This page outlines why I made different decisions throughout Sigilweaver's development. Some of these are documented because I did it the "wrong" way first and discovered a better approach. Others are just refined versions of my most significant Architecture Decision Records (ADRs). I'm not claiming these are objectively correct choices - just deliberate tradeoffs made with specific goals in mind.

None of this was ever set in stone, and it still isn't. Things change, needs change, stacks change. About four months into development, I discovered FlowFile - a similar visual data pipeline tool built with Polars. Honestly, I probably wouldn't have started Sigilweaver if I'd known it existed beforehand. But I'm glad I didn't. Starting fresh meant I had to carefully consider every decision: what stack to use, how I wanted things to work, what the software should support long-term. That deliberate process shaped the architecture in ways that copying wouldn't have.

Every decision here could be revisited as the project grows.

Why Monorepo?

Decision: Keep all components in a single repository.

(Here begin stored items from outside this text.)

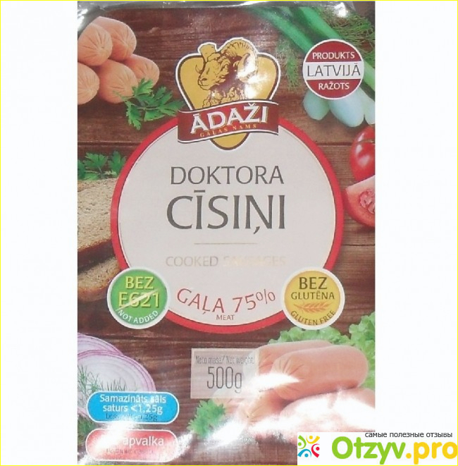На упаковке обещают отсутствие усилителя вкуса, глютена, сниженное содержание соли и мяса целых 75%, а также отсутствие какой-либо оболочки.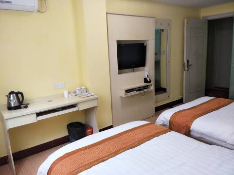 宾馆客房干净整洁,设有24小时热水、电热水壶、独立淋浴间、空调、吹风机等,服务周到。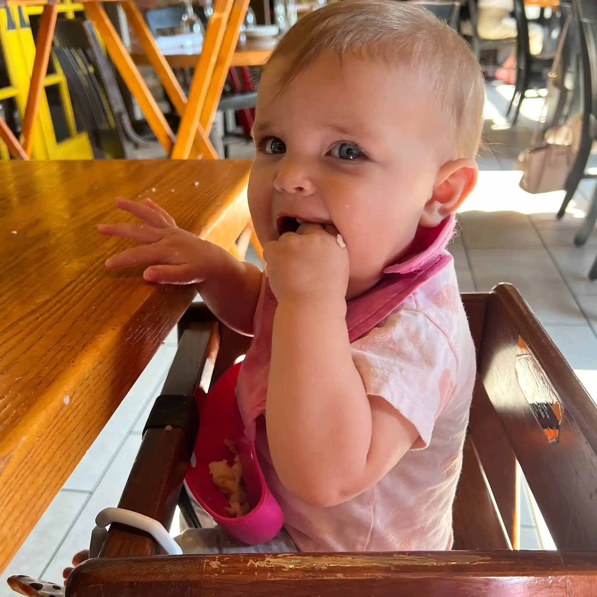 Blythe, 7mos, sits in a restaurant high chair enjoying lunch.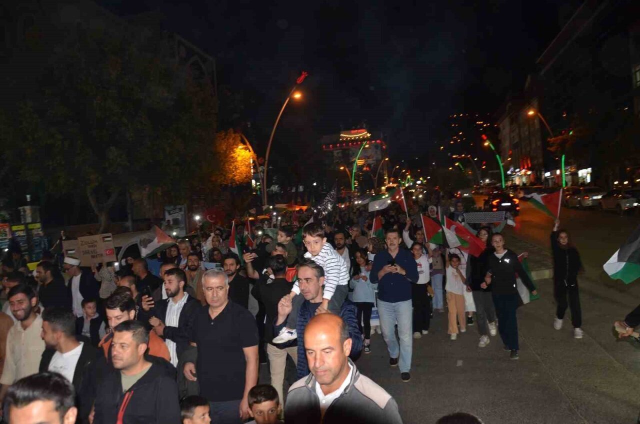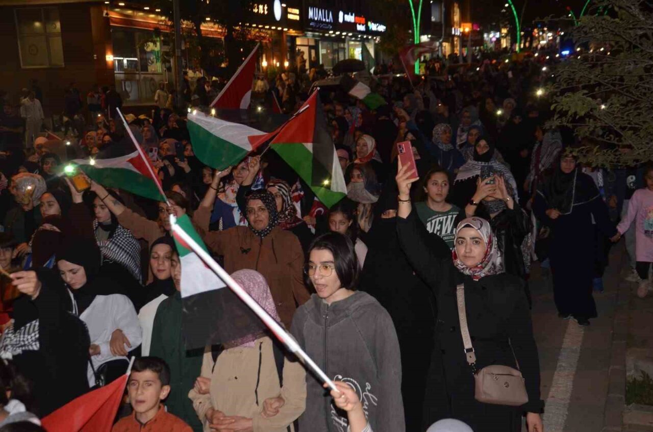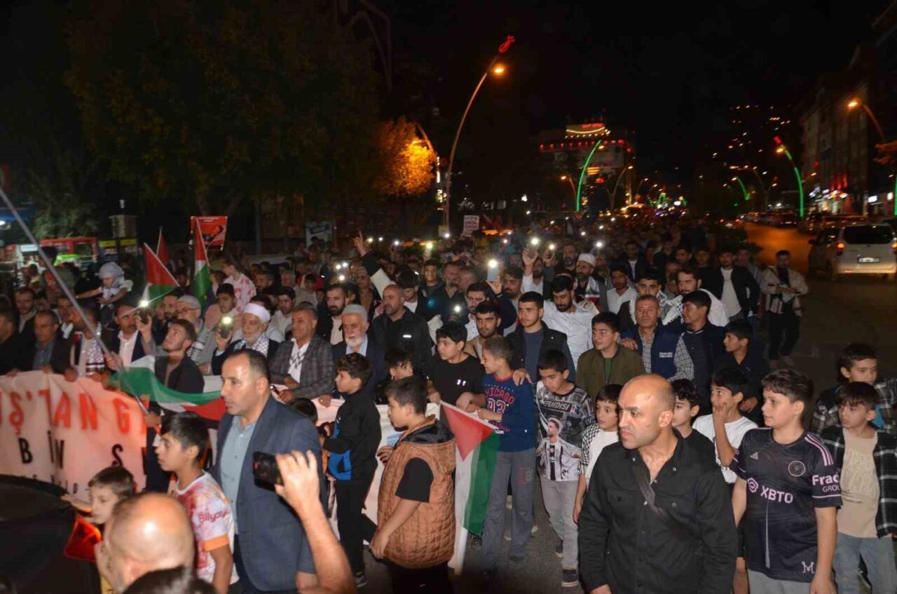MUŞ’TA MESCİD-İ AKSA PLATFORMU ÖNCÜLÜĞÜNDE YATSI NAMAZI SONRASI DÜZENLENEN YÜRÜYÜŞTE YAKLAŞIK 5 BİN KİŞİ, İSRAİL’İN GAZZE’YE YÖNELİK SALDIRILARINI PROTESTO ETTİ.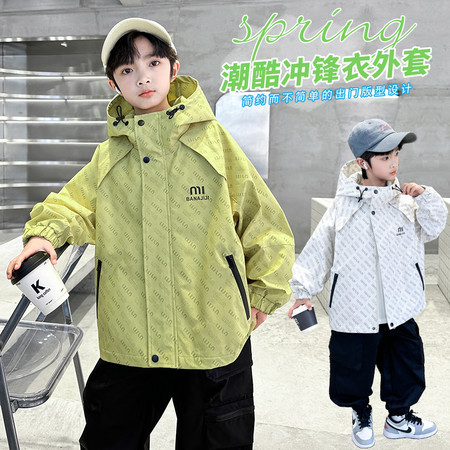 潮.尚&CS8329绿色绣字母冲锋衣外套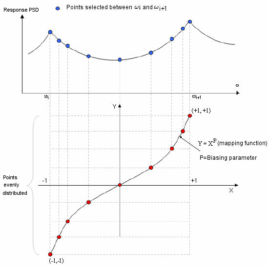 La siguiente figura muestra la distribución de frecuencias a las que se calcula la solución para estudios de vibración aleatoria.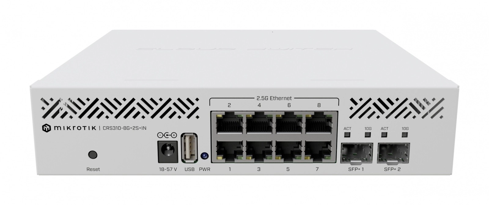 Špičkový switch MIKROTIK CRS310-8G-2S+IN přináší vysokorychlostní konektivitu do kompaktního těla: 8× 2.5G Ethernet a 2× 10G SFP+ s podporou více rychlostí (1G/2.5G/10G). Díky tomu můžete flexibilně kombinovat linky nebo jej použít jako až 10× 2.5G řešení. Ideální volba pro upgrade stávající gigabitové infrastruktury na vyšší rychlosti.
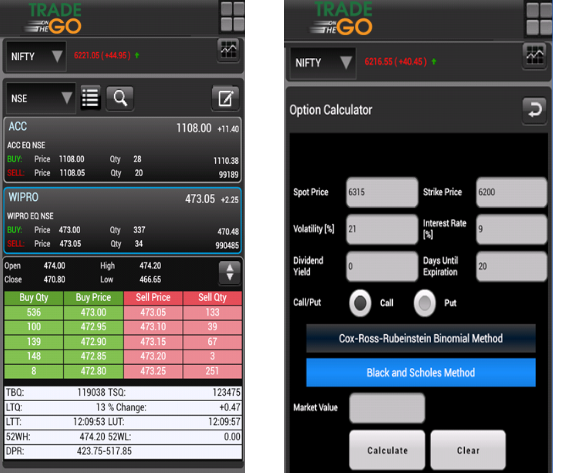 - The app allows tracking of the order book, trade book, market depth, stock portfolio etc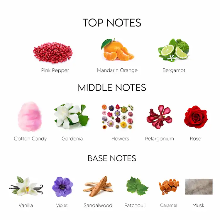 Las Notas de Salida son pimienta rosa, mandarina y bergamota; las Notas de Corazón son algodón de azúcar, gardenia, flores, pelargonio y rosa; las Notas de Fondo son vainilla, almizcle, sándalo, caramelo, violeta y pachulí.

Context: Many projects split components into separate repos for "separation of concerns." But separate repos create real problems:

  • Version compatibility becomes a coordination problem
  • "Which backend version works with frontend v2.3.1?" is a real question people ask
  • CI/CD has to coordinate across repos
  • Contributors have to clone multiple repos and keep them in sync

What's in the monorepo:

  • Server - Python/FastAPI data processing engine
  • Studio - React/Electron visual workflow designer
  • Hub - Multi-user orchestration platform (FastAPI backend + React frontend)
  • Docs - Docusaurus documentation site
  • Site - Marketing/landing page

These components are tightly integrated. Hub imports Server's workflow execution logic. Studio and Hub share UI patterns and the .swwf file format. Docs references code examples from all components. When the workflow schema changes, everything needs to update together.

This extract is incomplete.